## Tuesday, June 12, 2012

### Independence and Bayes Rule

* Probability Theory by Example

* Often times some of the rules of probability theory can seem quite abstract.

* Hopefully simulating data will yield a clearer understanding of how these rules work.

* This is stata code
version 11
set seed 11

clear
set obs 100

* First off if A & B are independent then the expected value of A*B is equal expected value of a times that of the expected value of B.

* E(A*B)=E(A)E(B) if A and B are independent.
gen A=rnormal()+9
gen B=runiform()

gen AB = A*B

sum A
local A=r(mean)

sum B
local B=r(mean)

di "mean_A * mean_B = =A'*B''"

sum ab

* Se can see that the mean of A times the mean of B is close to that of the mean of the two variables.

* They do not need to be equal because all of the measures are noisy because we are dealing with a sample.

* As the sample gets larger they should get closer.

clear
* Increase sample size to 100,000 observations
set obs 100000

gen A=rnormal()+9
gen B=runiform()

gen AB = A*B

sum A
local A=r(mean)

sum B
local B=r(mean)

di "mean_A * mean_B = =A'*B''"

sum AB

* However, simply because E(AB)=E(A)*E(B) does not imply independence.

clear
* Increase sample size to 100,000 observations
set obs 100000

gen A=rnormal()
gen B=abs(A)
* B equals the absolute value of A

gen AB=A*B

sum A
local A=r(mean)

sum B
local B=r(mean)

di "mean_A * mean_B = =A'*`B''"

sum AB

* The means are pretty close.

* However, there closeness clearly does not imply independence since: we know the value of B if we know what A is.

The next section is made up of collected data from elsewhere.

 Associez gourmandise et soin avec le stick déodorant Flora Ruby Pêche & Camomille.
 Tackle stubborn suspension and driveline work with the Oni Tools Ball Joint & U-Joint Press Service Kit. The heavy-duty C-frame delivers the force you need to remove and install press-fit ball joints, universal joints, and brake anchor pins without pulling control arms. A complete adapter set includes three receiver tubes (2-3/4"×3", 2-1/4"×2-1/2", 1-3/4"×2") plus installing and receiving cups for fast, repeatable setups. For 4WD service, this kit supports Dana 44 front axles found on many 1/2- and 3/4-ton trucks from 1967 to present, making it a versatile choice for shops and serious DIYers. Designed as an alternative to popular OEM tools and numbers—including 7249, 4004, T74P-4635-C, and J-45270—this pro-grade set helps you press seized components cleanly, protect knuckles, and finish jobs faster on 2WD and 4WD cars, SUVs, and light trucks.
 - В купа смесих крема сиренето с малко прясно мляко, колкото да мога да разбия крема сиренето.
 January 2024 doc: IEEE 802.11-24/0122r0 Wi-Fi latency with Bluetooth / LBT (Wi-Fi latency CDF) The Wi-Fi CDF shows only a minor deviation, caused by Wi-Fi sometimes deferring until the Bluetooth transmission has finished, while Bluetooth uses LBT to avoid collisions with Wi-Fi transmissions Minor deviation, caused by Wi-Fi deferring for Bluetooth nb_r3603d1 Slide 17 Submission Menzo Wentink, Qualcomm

* Another way of thinking about independence is "does knowing A tell us anything about B or does knowing B tell us anything about A?"

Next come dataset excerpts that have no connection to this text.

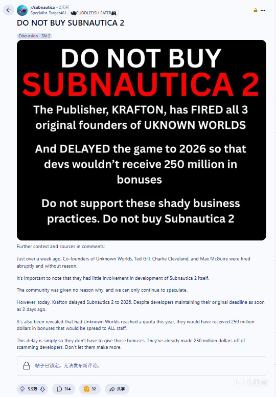 3.Krafton推遲了備受期待的遊戲《深海迷航2》的發佈,這一計劃直接將節奏持續升級,根據彭博社審閱的收購協議,如果2025年前UnknownWorlds能達到某種收益目標,全體員工將會獲得2.5億美元的獎金,而此番延期是Krafton爲了規避這筆分紅。遊戲社區呼籲抵制發行商的"不當行爲" 其中一篇帖子熱度高漲“DO NOT BUY SUBNAUTICA 2"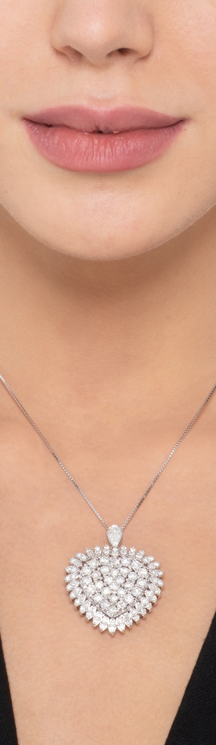 Collier en or blanc 18k avec pendentif coeur en diamants
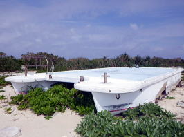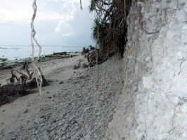 ![]() ![]() ![]() 左:上陸の際に見えたサメ! 中:台風で打ち上げられたのだろうかブセナマリンクラブのフロート。 下:昨年の度重なる台風で島の半分が削られた爪痕。 |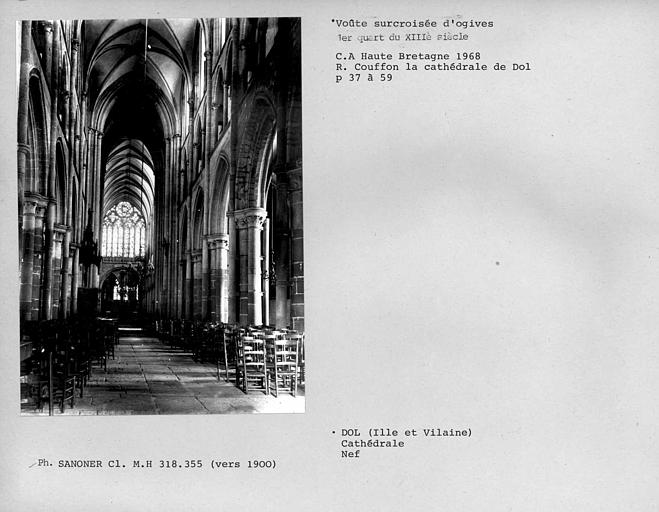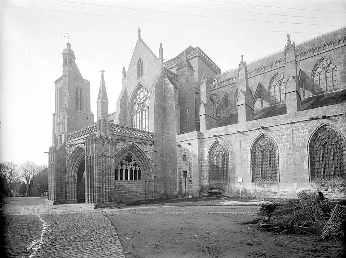 La cathédrale de Dol, fondée au 9e siècle, fut brûlée en 1203 par les troupes de Jean Sans Terre. L'édifice actuel, qui dut être commencé peu après, est un beau spécimen d'architecture gothique d'influence normande. La reconstruction débuta par la nef, continuée par le transept et terminée vers 1265 par le choeur. Une importante campagne de travaux au 14e siècle voit la construction de la tour de croisée, du grand porche sud, de la salle capitulaire et de la chapelle à pans coupés élevée à l'est du choeur. Du 15e siècle datent les deux étages supérieurs de la tour sud, et des modifications du porche sud. La tour nord, mise en chantier en 1520, ne fut jamais achevée, et la façade occidentale a été remaniée aux 16e et 17e siècles.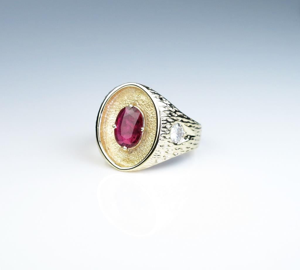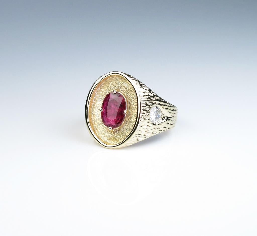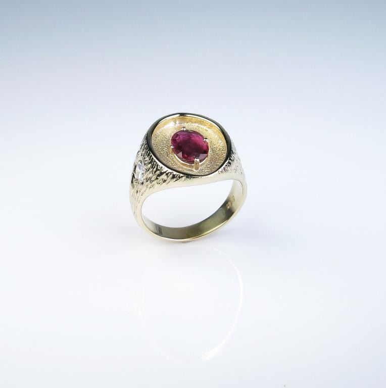 color Ruby weighing 1.30 carats and two side ‘IDEAL ‘cut diamonds weighing approx. 0.70 carats of F-G colors and VS clarity set in a heavy 14 karat yellow gold custom made setting. Retail $5,000-$7,000 Estimates $3,000-$4,000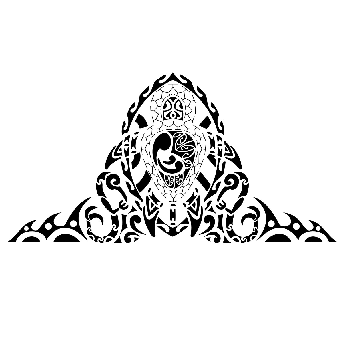 The turtle in this design represents the voyage, and the korus inside it, symbolizing a new beginning, were placed in order to shape a mother holding a child in her arms, paired with the traditional hammerhead shark pattern, which symbolizes strength and tenacity.

* Clearly A tells us a lot about B

* Let's look at Bayes Theorem briefly

* Bayes Theorem states

* P(A|B)=P(B|A)P(A)/P(B)

* If A and B are independent then P(B|A)=P(B) and P(A|B)=P(A)

* Let's try simulating an example:

clear
* Increase sample size to 100,000 observations
set obs 100000

gen A=rbinomial(1,.6)
* The probability of A. P(A=1)=.6 or in our sample
sum A
di r(mean)

gen B=rbinomial(1,.1+A*.7)
* The probability of B given A [P(B=1|A=1)] = .1+A*.7 = .1+.7=.8

* Therefore P(B=1)= .1+E(A)*.7=.1+.6*.7=.1+.42=.52

* So P(A=1|B=1)= P(B=1|A=1)*P(A=1)/P(B=1)

di "P(A=1|B=1)=".8*.6/.52

* Lets see if the data confirms
sum A if B == 1
* This gives us the probability of A == 1 given B==1 (because A is a dummy variable)

* The mean which is what we are looking at is pretty close

* Likewise:
di "P(A=1|B=0)="(1-.8)*.6/.52
sum A if B == 0

* Thus Bayes rule seems to work pretty well in our generated data.